Six ways to help customers optimise their data centres
David Eaton, HP New Zealand chief technology officer, Enterprise Services offers some tips to improve sales.
Too often, data centers become repositories for outdated or underused hardware that consumes extra floor space, electricity and manpower, while providing little business benefit.
Resellers can realise sales opportunities by demonstrating to customers the opportunities and potential efficiencies of optimising their data centers.
Improve the data center
First help customers identify technological redundancies in their data centers. With a thorough assessment, unnecessary hardware and applications can be identified, unplugged and eliminated.
You can then demonstrate that by employing energy-efficient technologies, and finding ways to streamline personnel without sacrificing quality, businesses can save money and improve IT infrastructures when they reduce electrical consumption.
Critical cool off
Electricity costs are second only to equipment purchases at most data centers.
Review customers’ power and cooling capabilities and suggest energy efficient hardware, because as much as 70% of energy consumed can be spent on cooling.
See the total savings
Look for opportunities to help customers consolidate their servers, achieving economies of scale by reducing floor space, cutting power and cooling expenses.
As a bonus, hardware and software licensing, maintenance and network connectivity costs go down by combining what were previously separate physical server environments.
Improve manageability
By increasing standardisation and automation, businesses typically require fewer IT administrators.
Instead they can then rely on integrated performance teams comprising internal stakeholders such as the CIO, and technologists who can monitor the automated management software.

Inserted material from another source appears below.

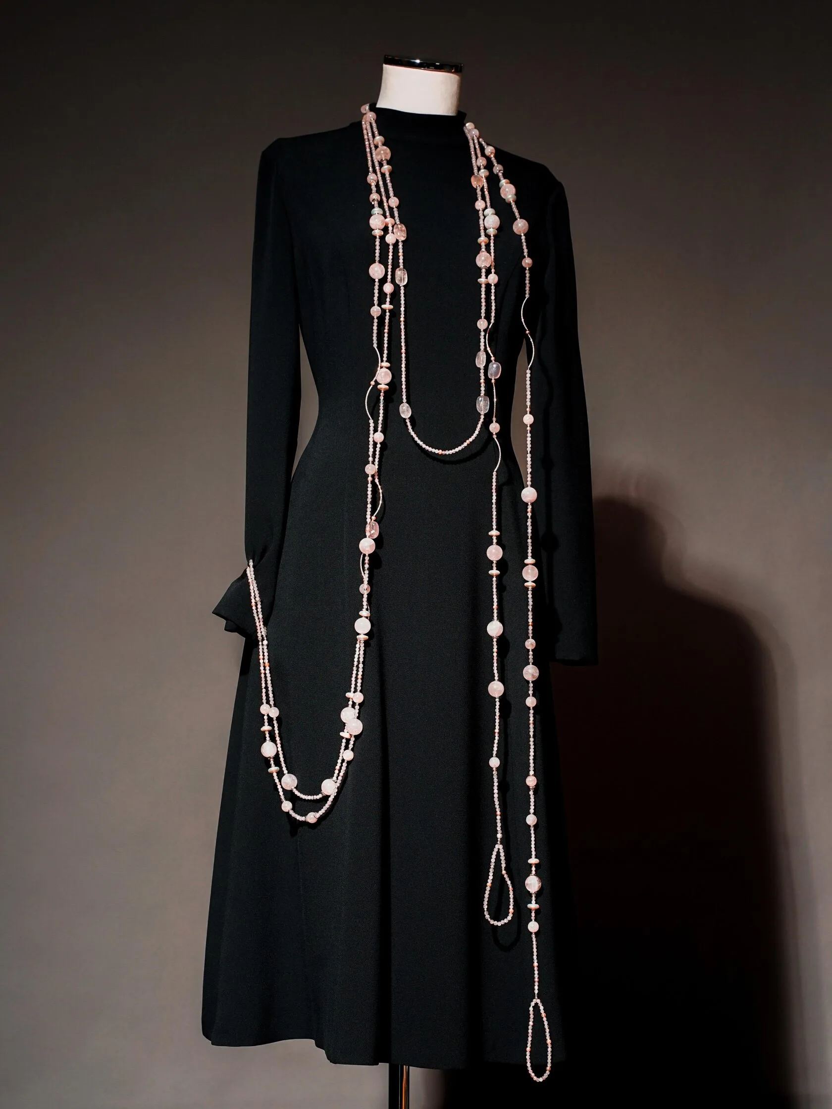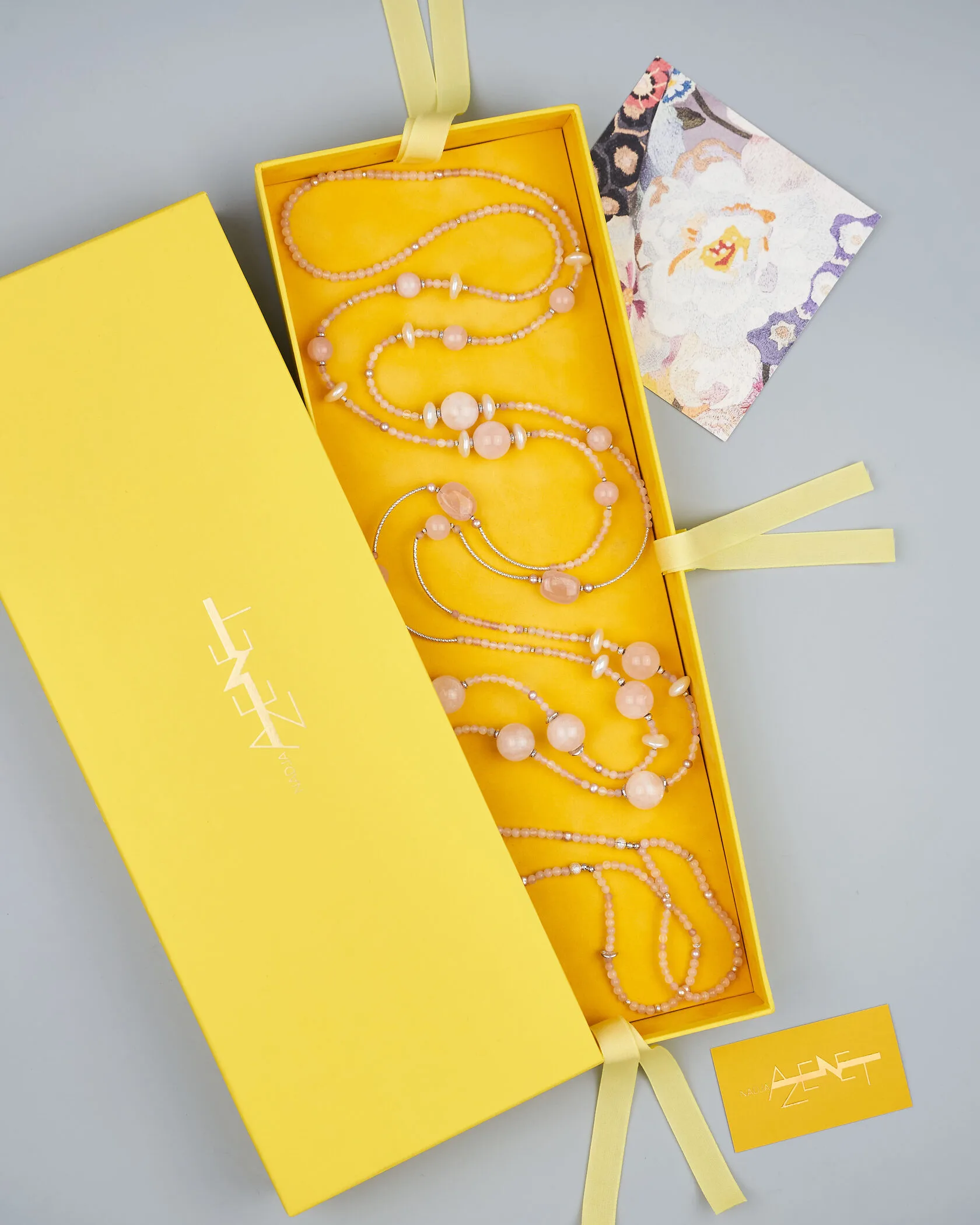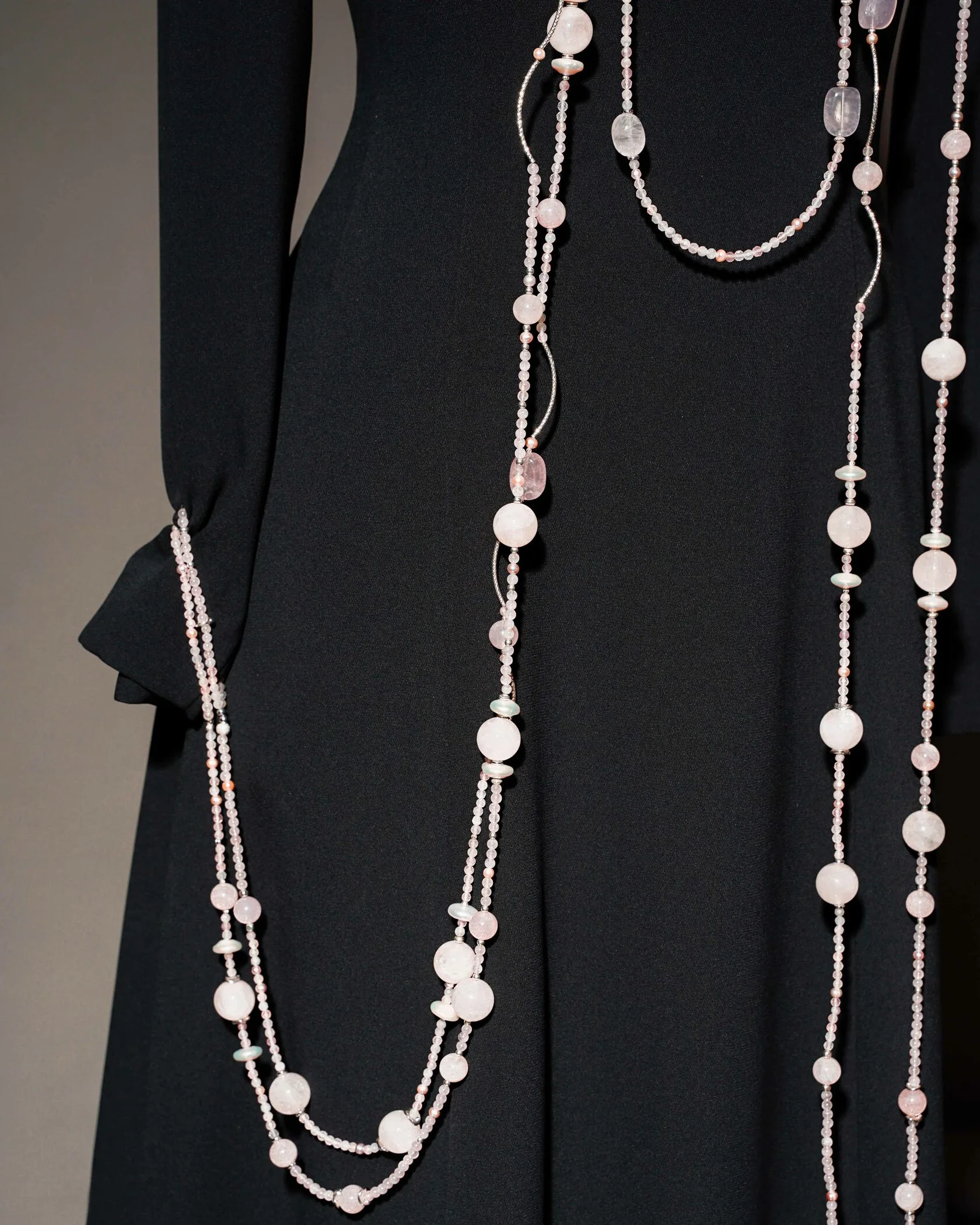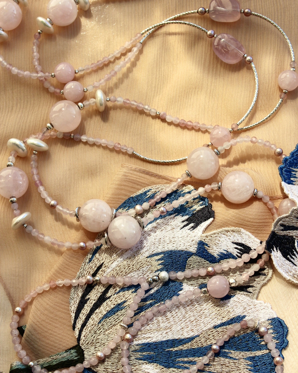 Аркан: розовый кварц, жемчуг, премиум фурнитура

It is easier to manage a smaller number of centralised systems than it is to control a larger number of distributed systems.
Resellers should highlight that the manageability of systems directly affects cost and environment availability.
Virtualise
Understand the increasing importance of virtualisation in data centers. The dynamic pooling of heterogeneous compute, storage and network resources can all be virtualised in different ways to accomplish business objectives.
Rather than running a set of dedicated discrete components for every application, resellers can advise and help customers run applications across a pool of shared computing/capacity, storage and network/bandwidth resources.
The resources are dynamically allocated, provisioned, and ultimately dismantled, based on changing business needs.
Move forward
There is a growing focus on managing data centers as a ‘system’ with the objective of understanding and controlling power, cooling, networks and systems from a holistic perspective.
The expense of data centers, and growing costs and complexity around power, cooling and managing legacy make conversations about ‘The Data Center as a System’ very compelling.
Reach into your own supplier networks to begin to have these thought leadership conversations with your clients.